YES WE ALL LIKE THE NAME,SO YOU CAN GO AHEAD NOW :hello1: yOU HAVE OUR BLESSINGS


----------



## lynx8456 (Feb 26, 2009)

Therese I am so happy for you ,Jerry and Tabitha....can't wait for more pics too.
Madeline is lovely


----------



## Maleighchi (Jan 6, 2008)

Oh wow!! Congrats!!! I'm so happy for you!! Hope you will be posting LOTS AND LOTS of photos!


----------



## Waiushaoting (Jun 6, 2009)

How super adorable! I am very excited for you guys! I can't wait to see more pictures.


----------



## TwilightGirlKay (Nov 23, 2009)

Aw so cute!! I still haven't got one *sad face*


----------



## Chiboymom (Jul 8, 2009)

Wow...I have been absent for a while and didn't know you were getting a new girl. She is beautiful. I can't wait to see more pics when she comes home.


----------



## huskyluv (Oct 24, 2008)

Do you have a pick up date yet? Ooo the suspense!


----------



## Guess (Sep 23, 2009)

Congrats!!! Super cute little lady! A very nice name you've chosen as well!!

Looking forward to tons of new photos of her with Tabs n Jerry!!! xx


----------



## Jerry'sMom (May 5, 2009)

huskyluv said:


> Do you have a pick up date yet?
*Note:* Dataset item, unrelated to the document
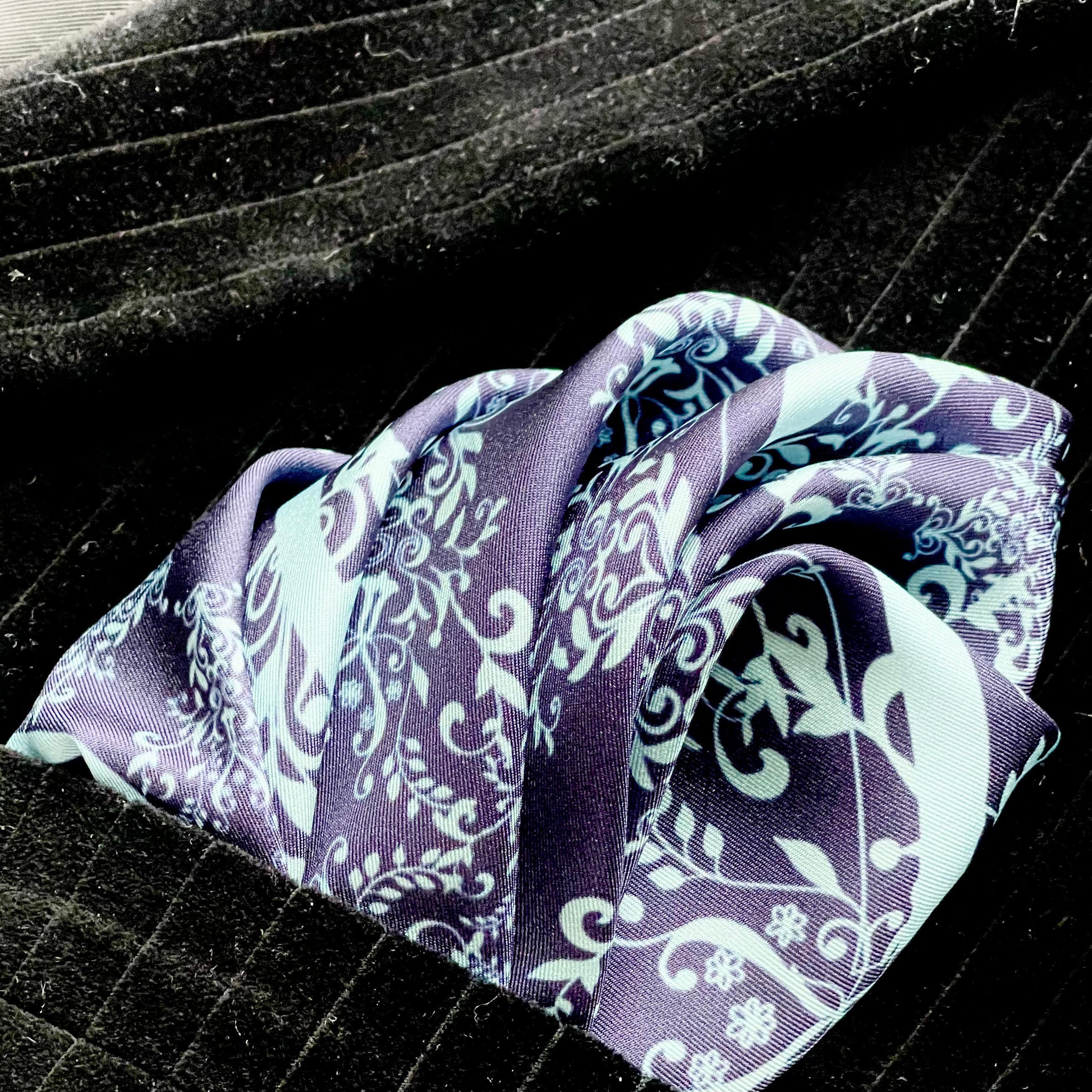 The scarf is made from 100% silk, chosen for its smooth feel, gentle drape, and natural sheen. It measures 34 x 34 inches, making it versatile to wear around the neck, as a headscarf, or styled as an accent. The hand-rolled edges add a refined, couture finish and reflect careful, traditional craftsmanship.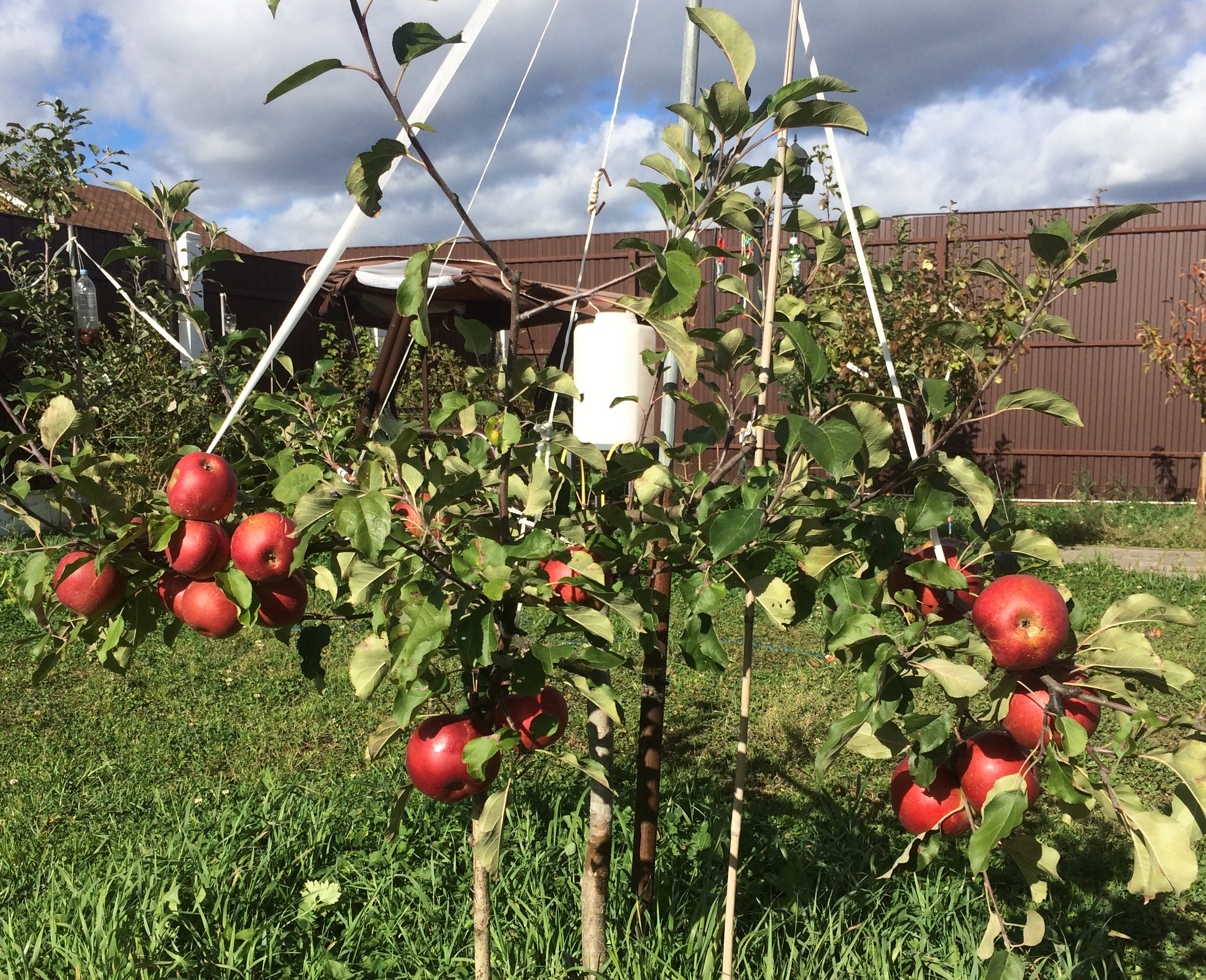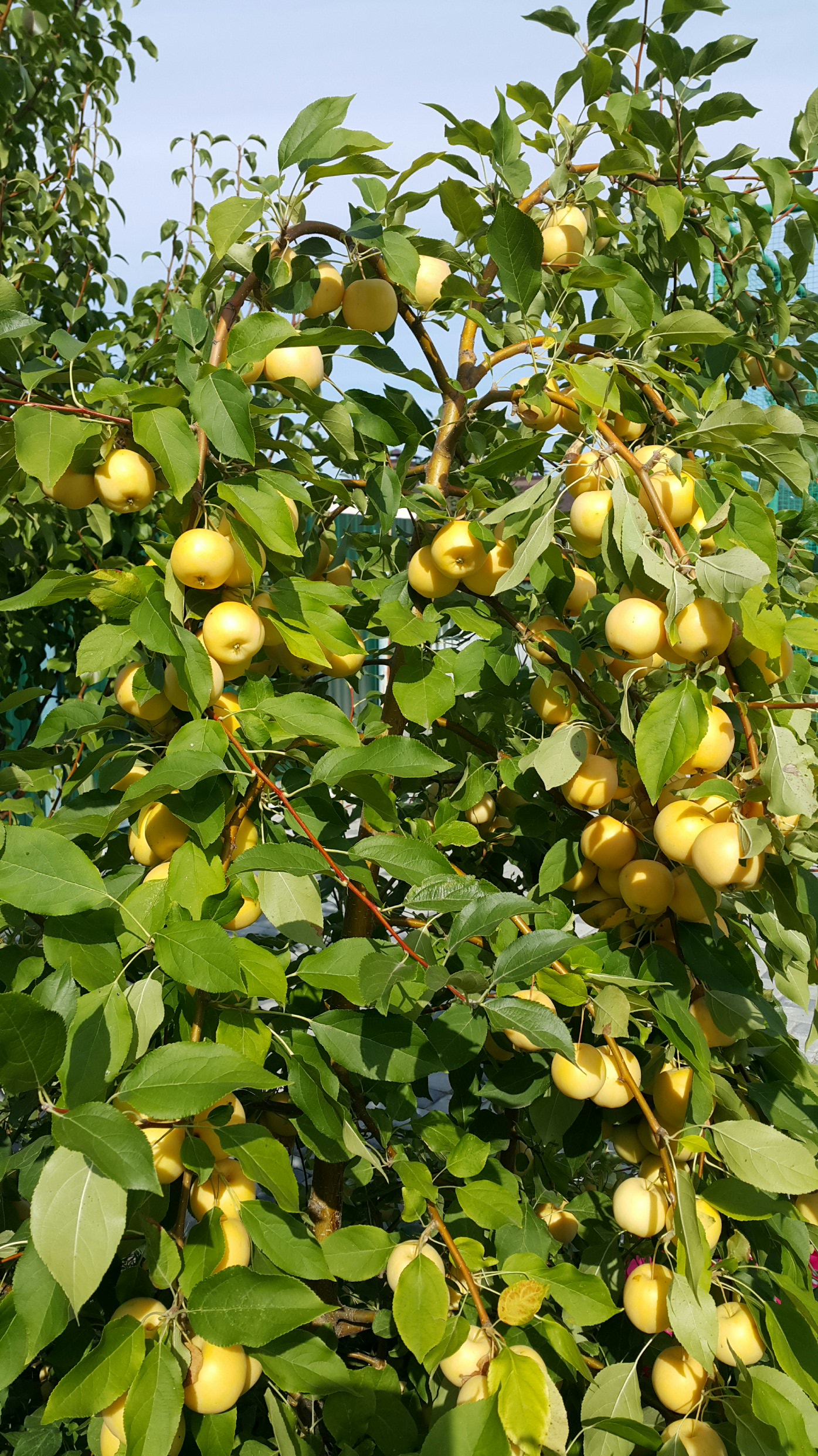 На дереве до сих пор полно плодов,сильнорослое,метловидная крона с мощными прямыми ветвями,на которых гирляндами яблоки.Плодожорка пользует с удовольствием.

Ooo the suspense!


:hello1: Sunday afternoon! :hello1:


----------



## Tracilea (Jul 27, 2009)

ohhhhhhh i can't wait to see pics!!! xx


----------



## MChis (Oct 13, 2009)

Me too - SO excited for you! LOVE the new siggy btw.


----------



## Jerry'sMom (May 5, 2009)

MChis said:


> Me too - SO excited for you! LOVE the new siggy btw.


thank you! I have all of this nervous energy that I need to do something with!


----------